Very rare: paradoxical bronchospasm.

Gastrointestinal disorders

Uncommon: irritation of the mucous membranes of the mouth and pharynx.

Musculoskeletal and connective tissue disorders

Uncommon: muscle cramps.

Shelf life.

3 years.

Storage conditions.

Store at a temperature not exceeding 30 °C.

Keep out of reach and sight of children.

Pressurized container – do not pierce. Do not throw into fire, even if empty.

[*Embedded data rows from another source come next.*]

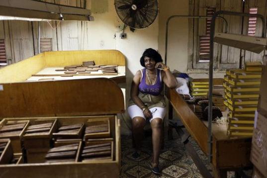 Una mujer cubana trabaja en la fábrica de tabacos H. Upmann el 26 de febrero de 2015, en La Habana, Cuba. (Sven Creutzmann/Mambo Photo/Getty Images)
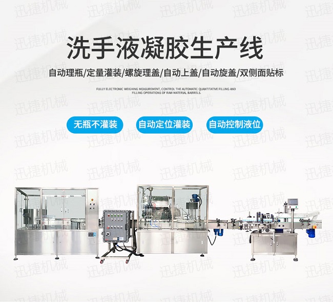我們的雙手需要接觸的物品是在太多,在我們不能確定手是否清潔時要避免用手接觸口鼻和眼睛,這樣做還是有好處的,大大降低了病毒入侵我們的身體。洗手是相當有必要的,其使用免洗手消毒液洗手那更是萬全之策,然而我們迅捷機械研發(fā)生產(chǎn)出免洗手消毒液灌裝生產(chǎn)線,自動化消毒液灌裝生產(chǎn)線是為市場對年洗手消毒液的需求而研發(fā)誕生的,該設備自動化程度高,性能穩(wěn)定,生產(chǎn)速度快,灌裝準確,操作簡單、調(diào)整方便,適應性強等特點,免洗手消毒液灌裝生產(chǎn)線是相關行業(yè)必備的現(xiàn)代化灌裝機械設備。
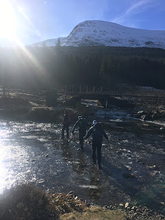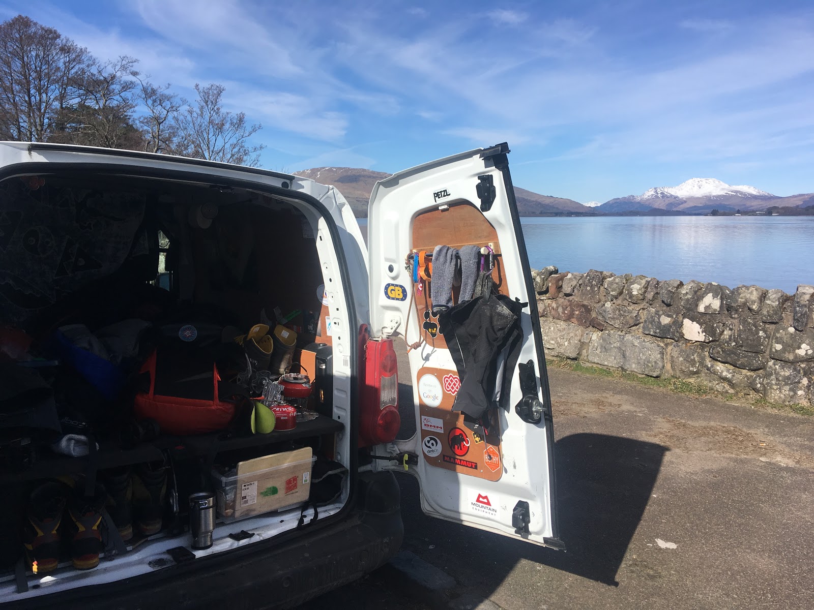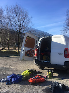 While using ones van as sleeping accommodation can have its advantages, there are also a number of disadvantages to consider. Amazingly on this trip to Scotland, I have not had need to dry any clothes or kit, as the weather has been cold but dry. However, last nights exceedingly cold temperatures meant that when I woke up this morning, my head was literally frozen to the side of the van! I was plenty warm enough in my Rab down sleeping bag, but sleeping with my hat on, I awoke to find it was frozen to the frosted metal work! I was using a rolled up fleece as a pillow and this too was frozen so hard to the back door, that I thought that it might rip when I tried to pull it off! Haha! Ah, the joys of van travel! There were some beautifully intricate crystals formed on the (inside!) of the windscreen. I was grateful once again to go inside for a cooked breakfast with Mo and not need to fire up the gas stove.
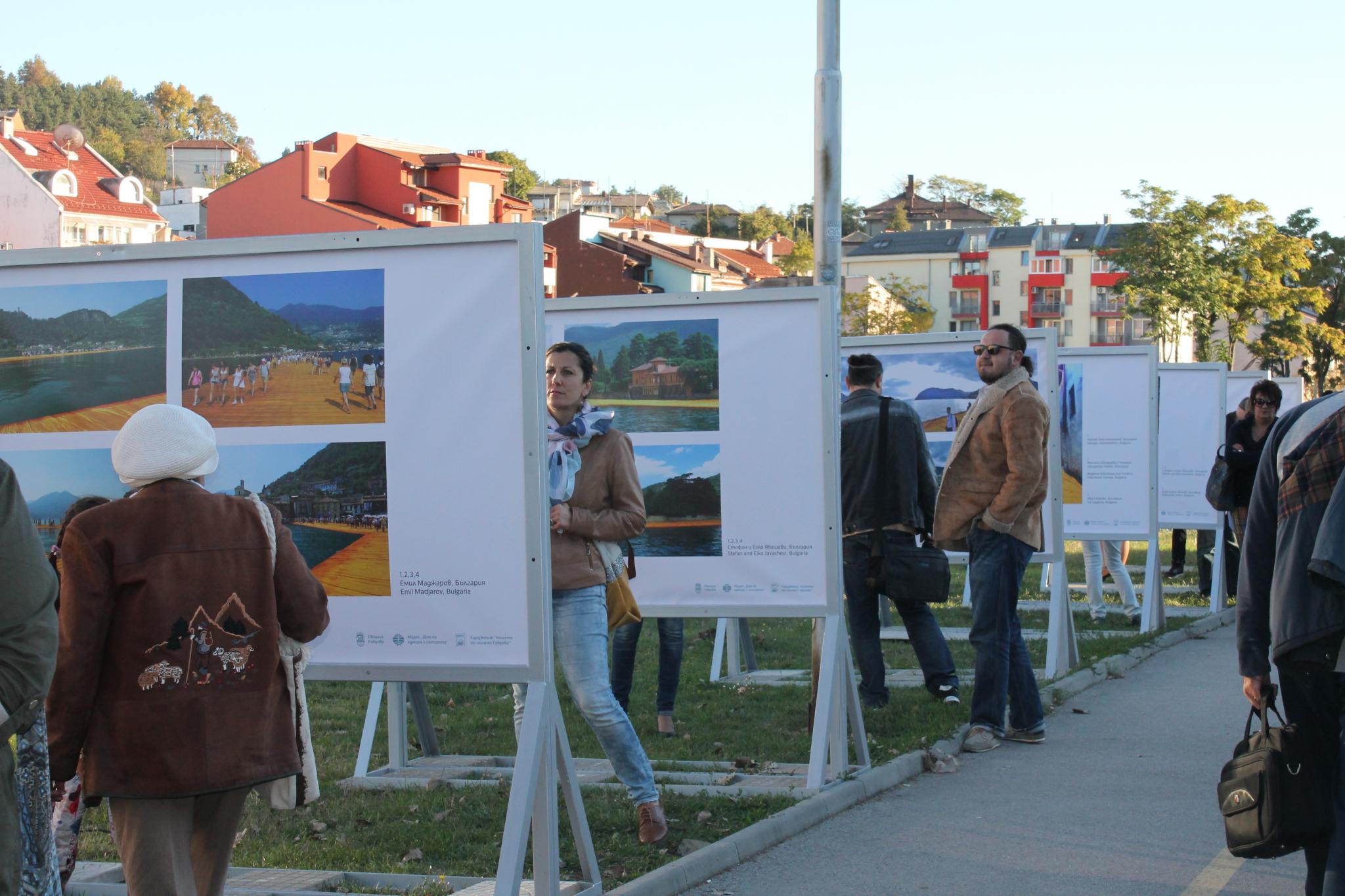 Фотографската изложба, запечатала любителски и професионални кадри от последния проект на Христо Явашев "Плаващите кейове" в езерото Изео, Италия, вече е разположена на крайречната алея на улица "Аврам Гачев".
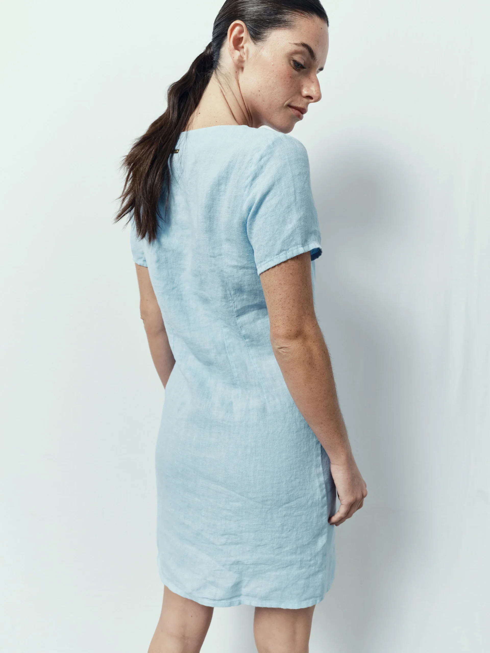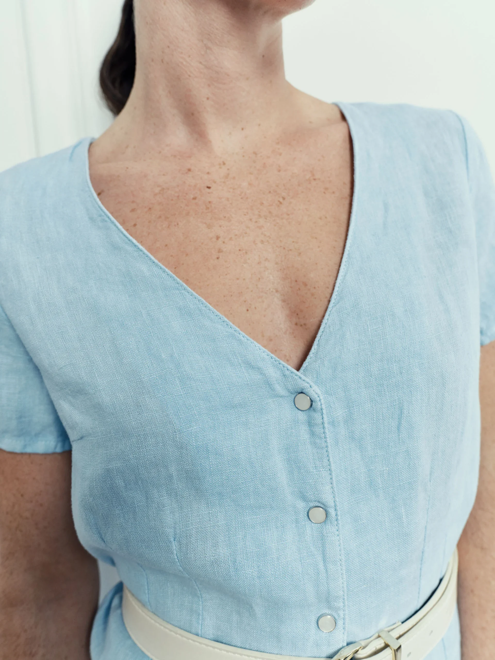 La robe Alena, confectionnée en lin, est une ode à la simplicité élégante. Légère, elle est idéale pour les journées ensoleillées. Son encolure en V adoucie, sa coupe structurée par des pinces et sa fermeture par boutons-pression en font une pièce facile à vivre et à styliser.
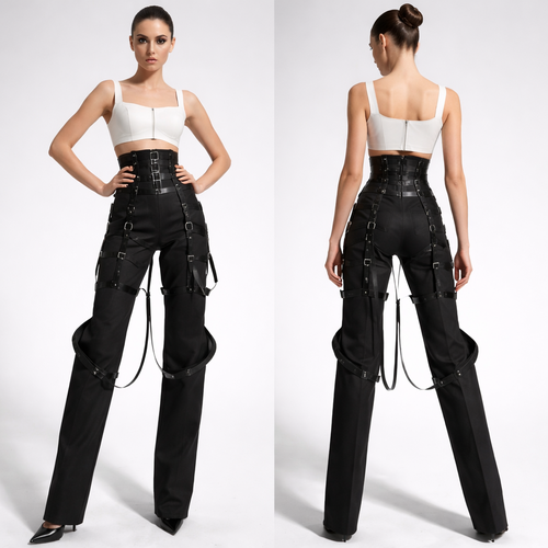 POWER TROUSER SYSTEM High waist elongated trousers with harness layering. Key features Extremely high waist Long leg pro...
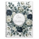Mörkblå och vita moderna blomsterbröllop anteckningsbok
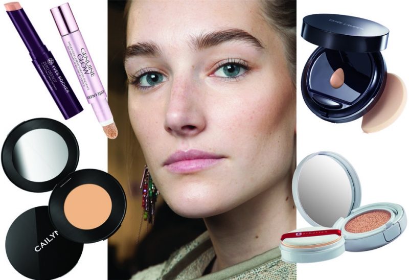 Консилер Zero Defaut, Yves Rocher; крем для сияния кожи век и лица Genuine Glow, Estee Lauder; консилер Coverage Consealer, Cailyn; компактный тональный крем Double Wear To Go, Estee Lauder; ВВ-кушон, Erborian.
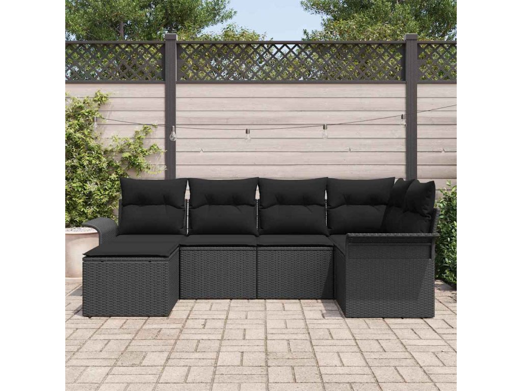 Sada zahradních pohovek s polštářem 6 pcs Černá polyratan 3345433
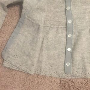 Cute light gray sweater. Nice detail with light blue ribbon where it buttons. Can be worn buttoned as a sweater or unbuttoned as a cardigan. Three-quarter length sleeves. I'm tall (5'8"), so I usually would wear a camisole under it, even if wearing buttoned. Runs small. In great condition.

Protect from direct sunlight. Do not store near sources of heat.

Do not freeze.

Packaging.

Aluminum canister containing 200 doses (10 ml) of 100 mcg salbutamol per dose, with a plastic adapter and cap, in a cardboard box.

Prescription category.

Prescription only.

Manufacturer.

Laboratorio Aldo-Union, S.L.

Manufacturer's address and place of business.

Baronesa de Maldà, 73, 08950 Esplugues de Llobregat, Barcelona, Spain.